Work item:
Print exactly and only the lines that run from the one containing "위 그래프는 100만달러" through the end of the material, please, omitting pictures.

Collected material:
- - - - -

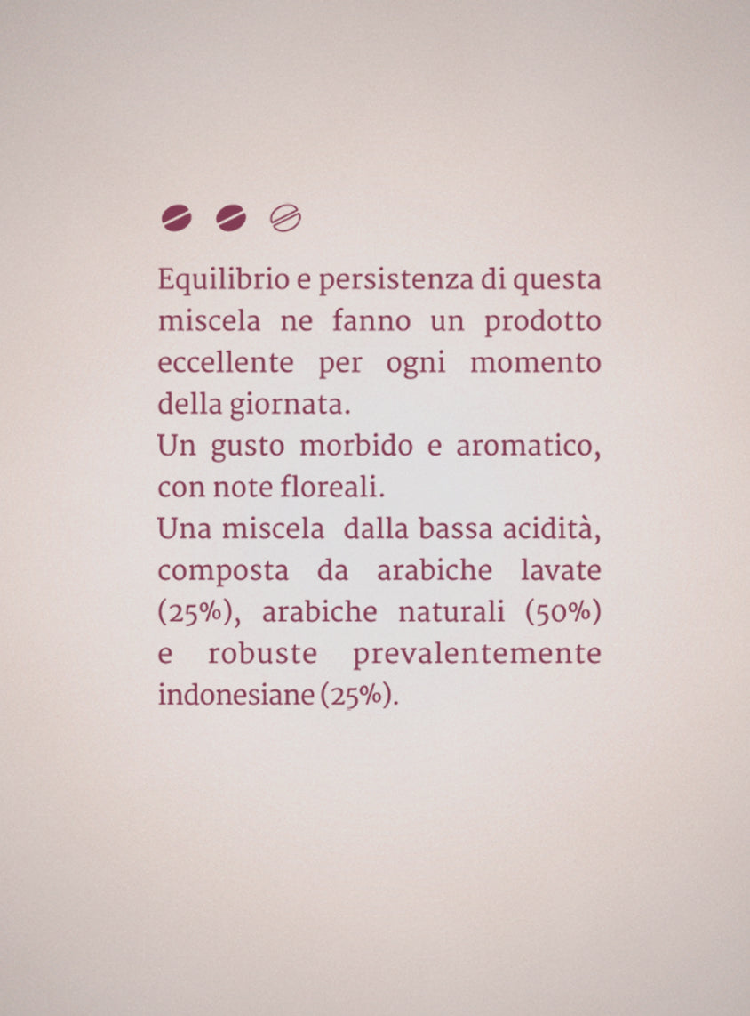 La sua miscela, dalla bassa acidità, è composta da arabiche lavate, arabiche naturali e robuste prevalentemente indonesiane.
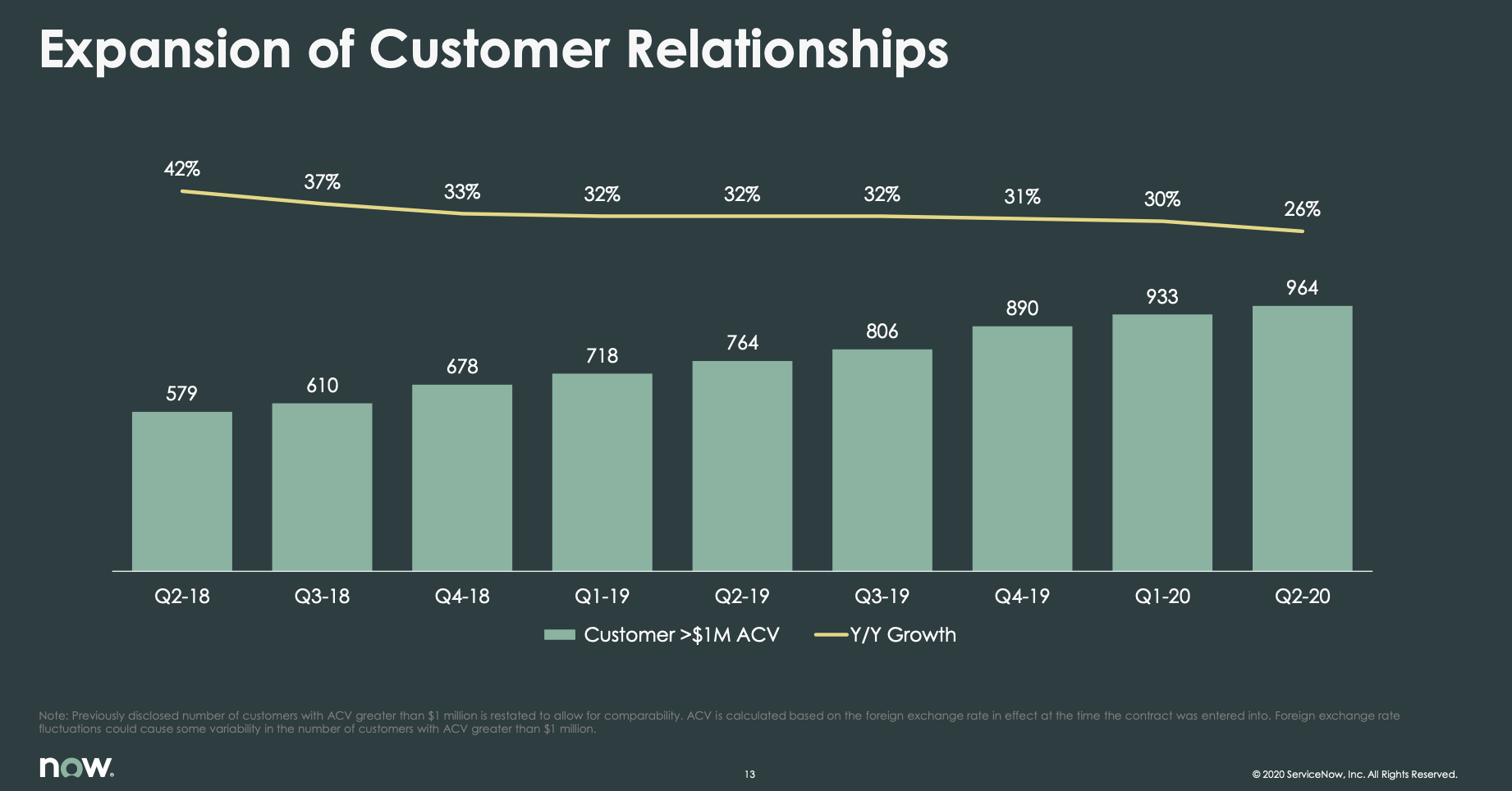 위 그래프는 100만달러 이상의 매출을 주는 고객 수를 보여주는 그래프입니다. 100만달러 이상을 ISTM에 쓰는 기업은 아무래도 대기업의 비율이 높겠습니다. 그만큼 리스크가 있어도 구독을 끊을 확률이 적은 안정적인 고객층이라고 할 수 있지요. 증가세는 점차 감소되는 추세이긴 하나, 고객이 늘고있긴 하기에 충성고객이 지속적으로 늘어나고 있다고도 봅니다.
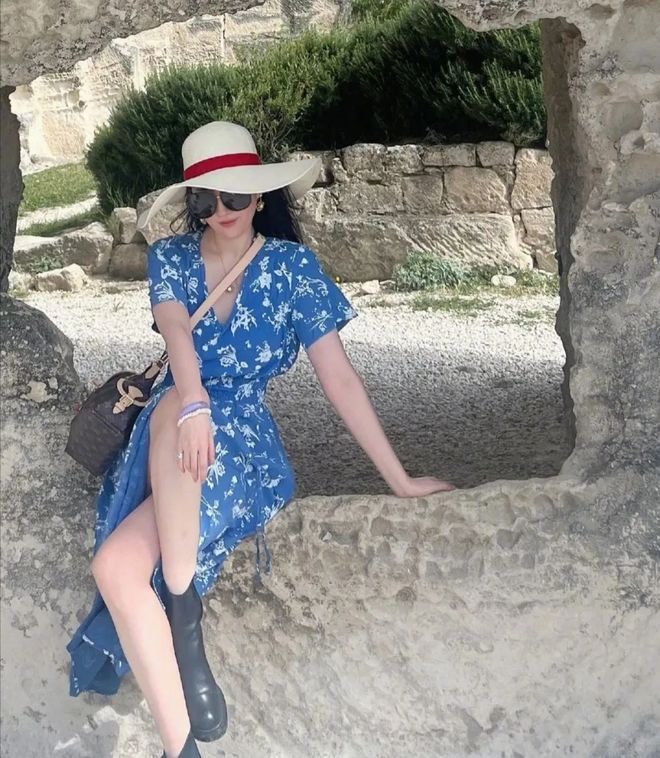 女人如花,碎花裙也可以选择短款,作为碎花裙的爱好者,刘亦菲在选款上,也很注意露肤度,比如蓝色碎花裙,搭配了米白色的遮阳帽,风情万种的感觉就出来了。

- - - - -

Answer to this task:
 위 그래프는 100만달러 이상의 매출을 주는 고객 수를 보여주는 그래프입니다. 100만달러 이상을 ISTM에 쓰는 기업은 아무래도 대기업의 비율이 높겠습니다. 그만큼 리스크가 있어도 구독을 끊을 확률이 적은 안정적인 고객층이라고 할 수 있지요. 증가세는 점차 감소되는 추세이긴 하나, 고객이 늘고있긴 하기에 충성고객이 지속적으로 늘어나고 있다고도 봅니다.
 女人如花,碎花裙也可以选择短款,作为碎花裙的爱好者,刘亦菲在选款上,也很注意露肤度,比如蓝色碎花裙,搭配了米白色的遮阳帽,风情万种的感觉就出来了。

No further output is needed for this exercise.